"Because I want to know."
Joseph looks at me with his heavy, searching gaze.
Then, without affectation, he seems to be ransacking his memory in search of recollections that are already old.
And he answers: "Indeed, I do not remember exactly; I think, though, that it was on a Saturday."
"The Saturday when the body of the little Claire was found in the woods?" I go on, giving to this inquiry, too quickly uttered, an aggressive tone.
Joseph does not take his eyes from mine.
His look has become so sharp and so terrible that, in spite of my customary effrontery, I am obliged to turn away my head.
"Possibly," he says again; "indeed, I really think that it was that Saturday."
And he adds:
"Oh! these confounded women!
You would do much better to think of something else.
If you read the newspaper, you would see that they have been killing Jews again in Algeria.
That at least is something worth while."
Apart from his look, he is calm, natural, almost good-natured.
His gestures are easy; his voice no longer trembles.
I become silent, and Joseph, picking up the newspaper that he had laid on the table, begins to read again, in the most tranquil fashion in the world.
For my part, I have begun to dream again.
Now that I am about it, I should like to find in Joseph's life some act of real ferocity. His hatred of the Jews, his continual threats to torture, kill, and burn them,—all this, perhaps, is nothing but swagger, and political swagger at that.
I am looking for something more precise and formal, some unmistakable evidence of Joseph's criminal temperament.
And I find nothing but vague and moral impressions, hypotheses to which my desire or my fear that they may be undeniable realities gives an importance and a significance which undoubtedly they do not possess. My desire or my fear? I do not know which of these two sentiments it is that moves me.
But yes. Here is a fact, a real fact, a horrible fact, a revealing fact. I do not invent it; I do not exaggerate it; I did not dream it; it is exactly as I state it.
It is one of Joseph's duties to kill the chickens, rabbits, and ducks.
He kills the ducks by the old Norman method of burying a pin in their head.
He could kill them with a blow, without giving them pain.
But he loves to prolong their suffering by skilful refinements of torture. He loves to feel their flesh quiver and their heart beat in his hands; he loves to follow, to count, to hold in his hands, their suffering, their convulsions, their death. Once I saw Joseph kill a duck.
He held it between his knees.
With one hand he grasped it by the neck, with the other he buried a pin in its head; and then he turned and turned the pin in the head, with a slow and regular movement.
One would have thought he was grinding coffee. And, as he turned the pin, Joseph said, with savage joy:
"It is necessary to make it suffer.
The more it suffers, the better its blood will taste."

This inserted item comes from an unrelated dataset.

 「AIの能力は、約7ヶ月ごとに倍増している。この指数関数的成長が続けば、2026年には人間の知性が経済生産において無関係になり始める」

The animal had freed its wings from Joseph's knees; they were beating, beating. Its neck, in spite of Joseph's grasp, twisted into a frightful spiral, and beneath its feathers its flesh heaved. Then Joseph threw the animal upon the stone floor of the kitchen, and, with elbows on his knees and chin in his joined palms, he began to follow, with a look of hideous satisfaction, its bounds, its convulsions, the mad scratching of its yellow claws upon the floor.
"Stop then, Joseph," I cried.
"Kill it at once; it is horrible to make animals suffer."

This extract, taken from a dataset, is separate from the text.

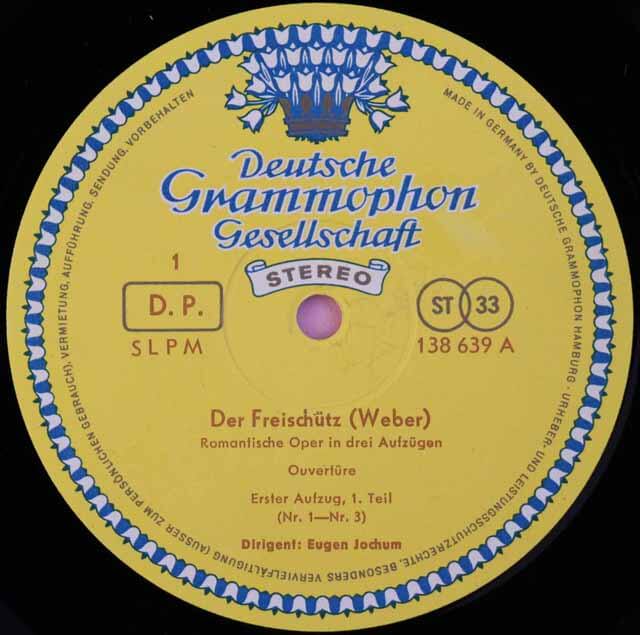 DE DGG 138 639/40 オイゲン・ヨッフム エベルハルト・ヴェヒター イルムガルト・ゼーフリート リタ・シュトライヒ バイエルン放送交響楽団 ウェーバー 歌劇「魔弾の射手」全曲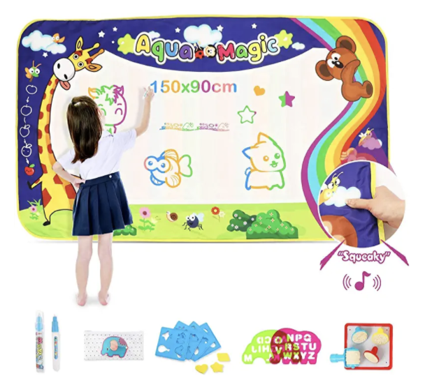 A simple yet effective solution is to use water instead. Whilst indoors there are water mats which come highly recommended from us (see link below to buy these mats). Pens are filled with water, and what’s the worst that can happen? Wiping up spilt water is a common occurrence in most child-packed households anyway, so what’s a few more wipes.

And Joseph answered: "That amuses me.
I like to see that."
I recall this memory; I evoke all its sinister details; I hear all the words that were spoken.
And I have a desire, a still more violent desire, to cry to Joseph:
"It was you who outraged the little Claire in the woods. Yes, yes; I am sure of it now; it was you, you, you, old pig."
There is no longer any doubt of it; Joseph must be a tremendous scoundrel.
And this opinion that I have of his moral personality, instead of driving me from him, far from placing a wall of horror between us, causes me, not to love him perhaps, but to take an enormous interest in him.
It is queer, but I have always had a weakness for scoundrels.
There is something unexpected about them that lashes the blood,—a special odor that intoxicates you,—something strong and bitter that attracts you sexually.
However infamous scoundrels may be, they are never as infamous as the respectable people.
What annoys me about Joseph is that he has the reputation, and, to one who does not know his eyes, the manners, of an honest man.
I should like him better if he were a frank and impudent scoundrel.
It is true that he would lose that halo of mystery, that prestige of the unknown, which moves and troubles and attracts me—yes, really, attracts me—toward this old monster.
Now I am calmer, because I am certain, and because nothing henceforth can remove the certainty from my mind, that it was he who outraged the little Claire in the woods. _____
For some time I have noticed that I have made a considerable impression upon Joseph's heart.
His bad reception of me is at an end; his silence toward me is no longer hostile or contemptuous, and there is something approaching tenderness in his nudges.
His looks have no more hatred in them,—did they ever have any, however?—and, if they are still so terrible at times, it is because he is seeking to know me better, always better, and wishes to try me.